Smit was afraid of letting the others in, to say the least. It wasn't that he didn't trust them or anything with his problems. He just...didn't wanna feel awful every time he got bad again and his friends couldn't handle it. His body shuddered at the thought. There was no way he'd ever allow himself to vent to anyone, really. He hated himself for it, which made it all worse, but man, he couldn't help it. He really couldn't. The idea of going to anyone, even a professional, was absolutely out of the picture. He felt better dealing with it all on his own, but everyone knows just how awful that can end up being. The stress, the anxiety, the pressure... none of it can be handled by just one person, no matter what they believe.It all made sense in Smitty's mind. He could do it, be confident and make it through all these issues by himself. None of that changed the fact that it fucking sucked. As much as he hated the fact that he had a hard time trying to explain himself, he hated letting people down even more. Whenever something came up and he knew he wasn't in the right mindset for it, he tried so hard to be there because he was aware of the others excitement over it all. He found it difficult to allow himself the satisfaction of being excited and happy over new things with content. Sure, he'd give himself some benefit of the doubt, but either way, he knew that some things just weren't meant to be. The idea behind this all was really just from his own self doubt and inability to even believe or accept that the people around him genuinely enjoyed his company. There wasn't much to it in his mind. He just wasn't aware of how this mindset was truly hurting him and those around him. It was especially damaging to him, though. He was never one to actually defend himself on certain things and people were rude or hateful towards him, he'd let it slide. He would mull over the words; allowing them to take over his whole being which would lead him into an anxious wreck as per usual. He was nothing without the protection of others, or at least, that's what he believed.
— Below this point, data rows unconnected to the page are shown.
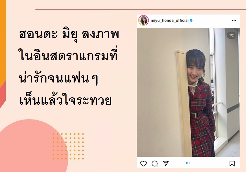คุณฮอนดะ มิยุ นักแสดงและนักกีฬาฟิกเกอร์สเก็ตชาวญี่ปุ่นวัย 18 ปีได้ลงรูปตัวเองในอินตราแกรมด้วยท่าทางและรอยยิ้มน่ารักสดใสในชุดสีแดงลายตารางหมากรุกถึง 2 รูปที่แฟนๆ เห็นแล้วเป็นต้องใจระทวยกันเลยทีเดียว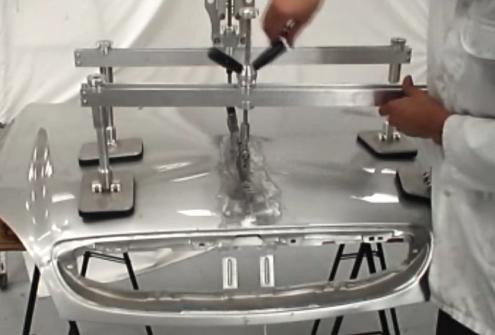 Серьезные вмятины не подлежат исправлению по этой технологии. Показана замена поврежденной части кузова из алюминия.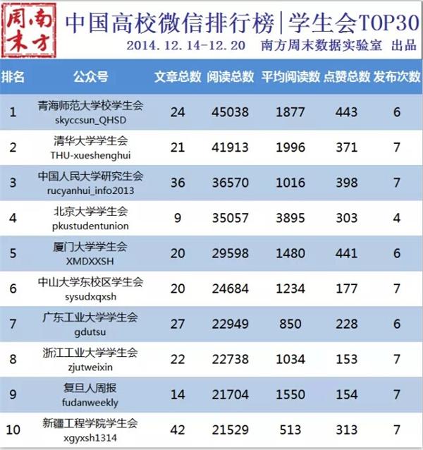 本网讯 12月22日,南方周末数据实验室发布12月14~20日中国高校微信排行榜。开元网页版_开元(中国)官方微信、学生会官方微信、社联官方微信都进入全国TOP30。

There was something about the way people, his friends especially, treated him that would almost begin this self doubt. It wasn't that they were particularly mean or misleading to him. They were just being themselves at certain times that wasn't good for the younger male. He had no intention of ever letting anyone around him notice his misfortune when it came to feelings and such. Smii7y became almost closed off during these times, especially when recording with the others. He became unsure of his own words and humor. He constantly worried that whatever he said would be ignored or misunderstood, and often times, it was, but those times continued to add up within him. Sometimes, all he could do was cry. He wouldn't leave his bed for hours, crying until he was too numb or too tired to continue on. These were the times he truly needed someone, yearned for someone to be there. He knew that no one would be there, though. It was always him being left to his own devices, even when he so clearly showed signs of depression or anxious tendencies. He appreciated his friends so greatly, but he was terrified that they didn't appreciate him in the same way. He would never be able to be the person they all thought he was, especially when so much has built up that it seems endless. There's an endless string of stresses he has to worry about that even just sitting down for a few minutes brings him severe panic.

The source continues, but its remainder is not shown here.